Before AI, the smartest human still had to pass the paywall to access paywalled content.

AI has exacerbated the Internet's "content must be free or else does not exist" trend.

It's just not interesting to challenge an AI to write professional research content without giving it access to research conetent. Without access, it's just going to paraphrase what's already available.

VanTodi•52m ago

I've come to the point where I think generated code is nothing better than a random package I install. Did I read it all and just accepted what was promised? Yes Can it bite me in the butt somewhere down the road? Probably, but I currently at least have more doubt about the generated code than a random package I picked up somewhere on git which readme I just partly skipped over.

somewhereoutth•23m ago

However a random [but well established] package will have been used many many times, thus will have been verified in the wild, and likely will have a bug tracker, updates, and perhaps even a community of people who care about that particular code. No comparison really.

apical_dendrite•51m ago

My company recently hired a contractor. He submits multi-thousand line PRs every day, far faster than I can review them. This would maybe be OK if I could trust his output, but I can't. When I ask him really basic questions about the system, he either doesn't know or he gets it wrong. This week, I asked for some simple scripts that would let someone load data in a a local or staging environment, so that the system could be tested in various configurations. He submitted a PR with 3800 lines of shell scripts. We do not have any significant shell scripts anywhere else in our codebase. I spent several hours reviewing it with him - maybe more time than he spent writing it. His PR had tons and tons of end-to-end tests of the system that didn't actually test anything - some said they were validating state, but passed if a get request returned a 200. There were a few tests that called a create API. The tests would pass if the API returned an ID of the created object. But they would ALSO pass if the test didn't return an ID. I was trying to be a good teacher, so I kept asking questions like "why did you make this decision", etc, to try to have a conversation about the design choices and it was very clear that he was just making up bullshit rationalizations - he hadn't made any decisions at all. There was one particularly nonsensical test suite - it said it was testing X but included API calls that had nothing to do with X. I was trying to figure out how he had come up with that, and then I realized - I had given him a Postman export with some example API requests, and in one of the API requests I had gotten lazy and modified the request to test something but hadn't modified the name in Postman. So the LLM had assumed that the request was related to the old name and used it when generating a test suite, even though these things had nothing to do with each other. He had probably never actually read the output so he had no idea that it made no sense.

When he was first hired, I asked him to refactor a core part of the system to improve code quality (get rid of previous LLM slop). He submitted a 2000+ line PR within a day or so. He's getting frustrated because I haven't reviewed it and he has other 2000+ line PRs waiting on review. I asked him some questions about how this part of the system was invoked and how it returned data to the rest of the system, and he couldn't answer. At that point I tried to explain why I am reluctant to let him commit his refactor of a core part of the system when he can't even explain the basic functionality of that component.

lpnam0201•25m ago

Do you think he used AI to generate that much code without ever understanding or having a look at the code ? Why was he hired ?

apical_dendrite•22m ago

Yes, because he can't answer basic questions about the code.

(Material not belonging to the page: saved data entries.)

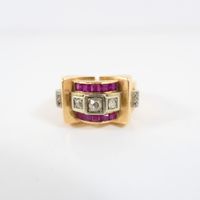 Bague Tank 2 ors 750 mil. ornée de diamants TA encadrées d’une ligne de pierres imitation rouges calibrées, épaulés de roses. (TDD : 58). 11,9 g. brut.
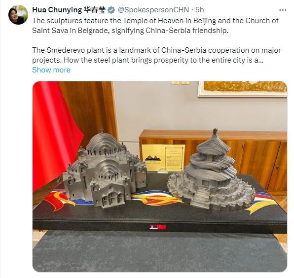 “斯梅戴雷沃钢厂是中塞重大项目合作的标志性建筑。钢厂如何给整个城市带来繁荣,是两国人民津津乐道的故事。”华春莹写道。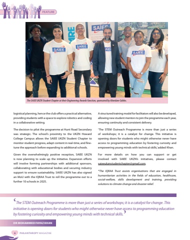 PHILANTHROPY MAGAZINEFEATURE6%u2018The STEM Outreach Programme is more than just a series of workshops; it is a catalyst for change. This initiative is opening doors for students who might otherwise never have access to programming education by fostering curiosity and empowering young minds with technical skills.%u2019DR MOHAMMED FAYAZ KHAN logistical planning, hence the club offers a practical alternative, providing students with a space to explore robotics and coding in a collaborative setting.The decision to pilot the programme at Hunt Road Secondary was strategic. The school%u2019s proximity to the UKZN Howard College Campus allows the SAIEE UKZN Student Chapter to monitor student progress, adapt content in real-time, and finetune the approach before expanding to additional schools.Given the overwhelmingly positive reception, SAIEE UKZN is now planning to scale up the initiative. Expansion efforts will involve forming partnerships with additional sponsors, collaborating with educational bodies and securing industry support to ensure sustainability. SAIEE UKZN has also signed an MoU with the IQRAA Trust to roll the programme out to a further 10 schools in 2025.The SAIEE UKZN Student Chapter at their Engineering Awards function, sponsored by Aberdare Cables. A structured training model for facilitators will also be developed, allowing new student mentors to join the programme each year, ensuring continuity and consistent delivery.%u2018The STEM Outreach Programme is more than just a series of workshops; it is a catalyst for change. This initiative is opening doors for students who might otherwise never have access to programming education by fostering curiosity and empowering young minds with technical skills,%u2019 added Khan. For more details on how you can support or get involved with SAIEE UKZN%u2019s initiatives, please contact saieeukznstudentchapter@gmail.com.*The IQRAA Trust assists organisations that are engaged in humanitarian activities in the fields of education, healthcare, social-welfare, skills development and training, providing solutions to climate change and disaster relief.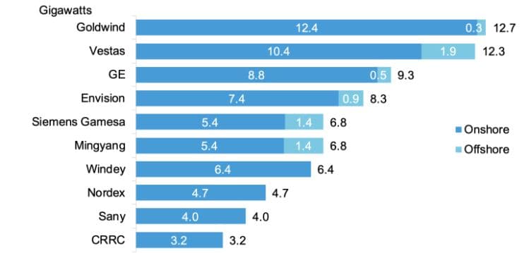 Goldwind podle BNEF dodal loni větrné turbíny o celkovém výkonu 12,7 GW, z čehož téměř 90 % mířilo na čínský trh. Druhým největším dodavatelem byl dánský Vestas s 12,3 GW a na třetím místě skončila americká společnost GE s 9,3 GW.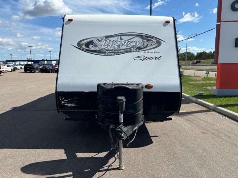 Discover the perfect blend of comfort and adventure with the 2012 Forest River RV Surveyor Sport SP-275 Travel Trailer. This meticulously maintained travel trailer, with an odometer reading of just 80,467 kilometers, offers an exceptional opportunity for those seeking a reliable and spacious mobile retreat. Measuring approximately 24 feet in length, this RV is designed to provide ample living space while remaining easy to maneuver on the road.
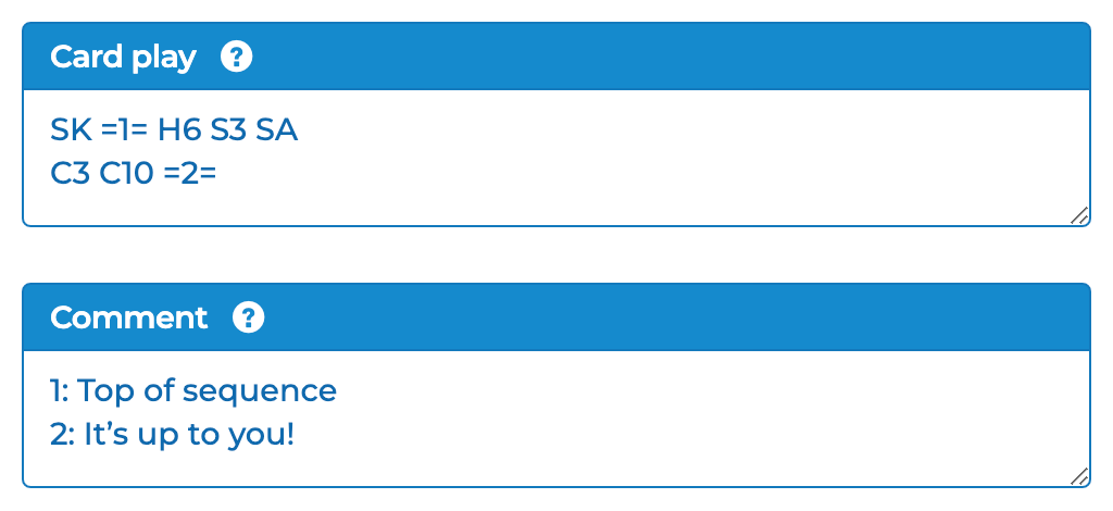 To do this, enter in the Cardplay section numbered references in the form =n= after the cards desired (enter a space between the card and this reference).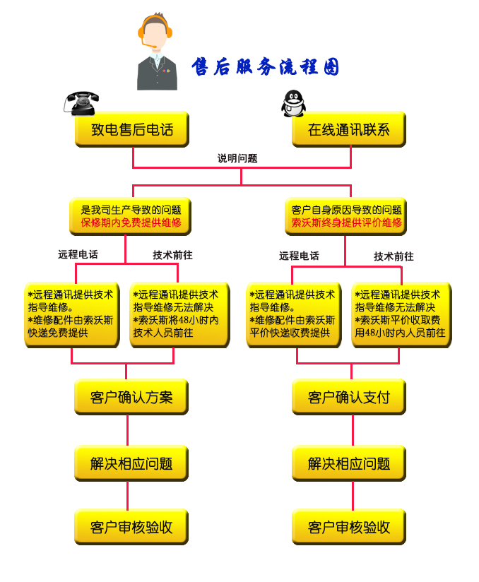 如果需要維修,索沃斯技術(shù)人員將通過客戶所在地的呼叫中心安排服務(wù)。索沃斯不排除上門服務(wù)可能由索沃斯服務(wù)合作伙伴提供。
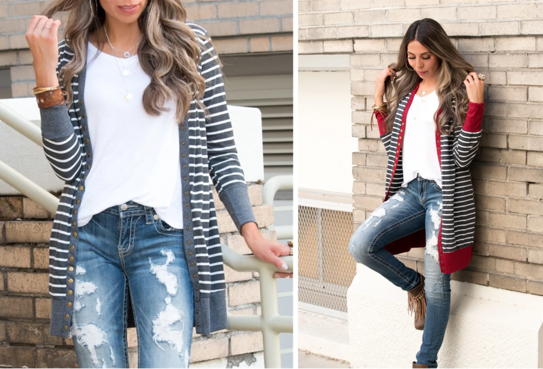 Is this cardigan not perfect? I love my snap cardigans, and this one is longer AND has stripes! I love the color blocking too. Choose from 6 colors! This price is the best we’ve seen!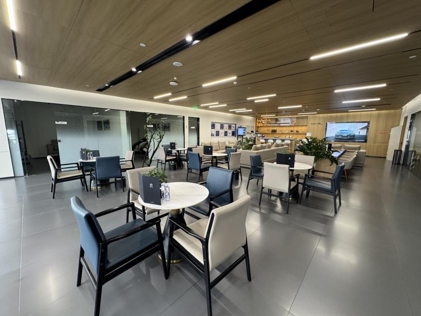 试驾结束回到店里,我顺便逛了逛与展厅相连的客户休息区。这里氛围更显闲适,大厅里摆放着舒适的沙发,旁边还有一张标准的台球桌,往里走则设有独立的VIP休息室。看得出,这里是为了让客户能从容地休息或等待,而非枯燥地打发时间。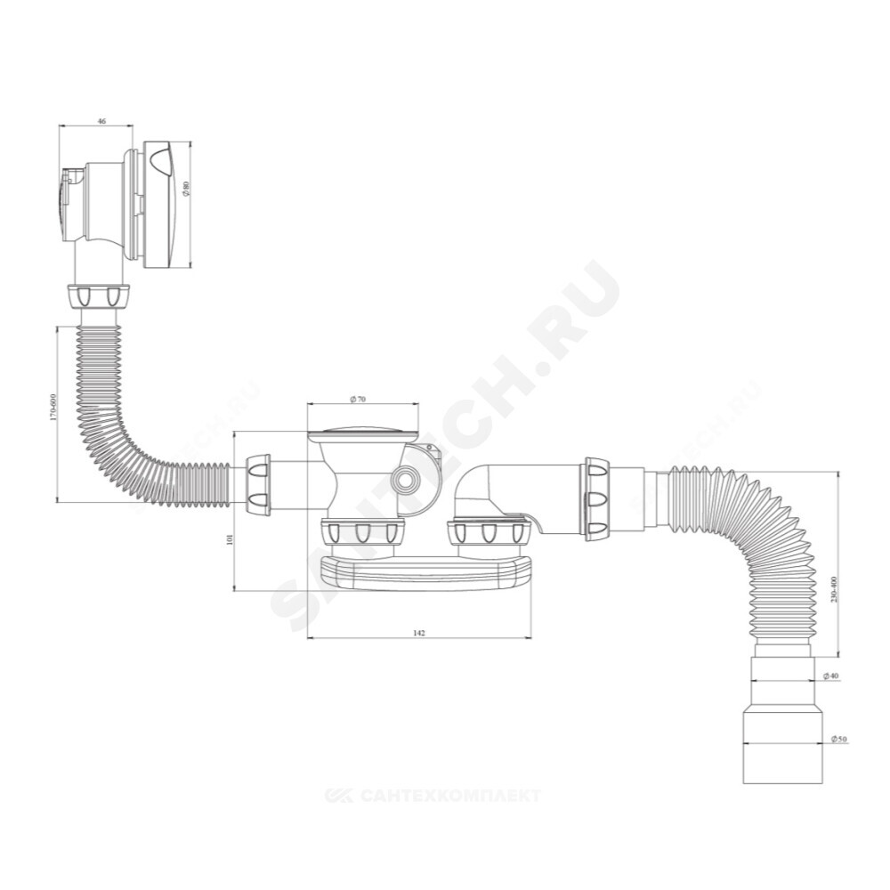 Подключение к канализации, мм

He was hired because we needed a contractor quickly and he and his company represented to us that he was a lot more experienced than he actually is.

afro88•6m ago

Will you get rid of him? It sounds like he's wasting a lot of your time

scuff3d•14m ago

This sums up the inherent friction between hype and reality really well.

CEOs and hype men want you to believe that LLMs can replace everyone. In 6 months you can give them the keys to the kingdom and they'll do a better job running your company then you did. No more devs. No more QA. No more pesky employees who needs crazy stuff like sleep, and food, and time off to be a human.

Then of course we run face first into reality. You give the tool to an idiot (or a generally well meaning person not paying enough attention) and you end up with 2k PRs that are batshit insane, production data based deleted, malicious code downloaded and executed on just machines, email archives deleted, and entire production infrastructure systems blown away. Then the hype men come back around and go "well yeah, it's not the tools fault, you still need an expert at the wheel, even though you were told you don't".

LLMs can do amazing things, and I think there's a lot of opportunities to improve software products if used correctly, but reality does not line up with the hype, and it never will

gowld•4m ago

Why are you paying someone who isn't doing the job you hired someone to do?

Why are you acting like you work for the contractor, instead of the contractor workign for you?

Why are you teaching a contractor anything? That's a violation of labor law. You are treating a contractor like an employee.

bryanlarsen•35m ago

Verification is the bottleneck now, so we have to adjust our tooling and processes to make verification as easy as possible.

When you submit a PR, verifiability should be top of mind. Use those magic AI tools to make the PR as easy to possible to verify as possible. Chunk your PR into palatable chunks. Document and comment to aid verification. Add tests that are easy for the reviewer to read, test and tweak. Etc.

gowld•9m ago

Just prompt the AI to verify the software.

ironman1478•34m ago

Verification has always been hard and always ignored, in software more than other industries. This is not specific to AI generated code.

I currently work in a software field that has a large numerical component and verifying that the system is implemented correctly and stable takes much longer than actually implementing it. It should have been like that when I used to work in a more software-y role, but people were much more cavalier then and it bit that company in the butt often. This isn't new, but it is being amplified.

fishtoaster•21m ago

Figuring out how to trust AI-written code faster is the project of software engineering for the next few years, IMO.

We'll need to figure out the techniques and strategies that let us merge AI code sight unseen. Some ideas that have already started floating around:

- Include the spec for the change in your PR and only bother reviewing that, on the assumption that the AI faithfully executed it

- Lean harder on your deterministic verification: unit tests, full stack tests, linters, formatters, static analysis

- Get better ai-based review: greptile and bugbot and half a dozen others

- Lean into your observability tooling so that AIs can fix your production bugs so fast they don't even matter.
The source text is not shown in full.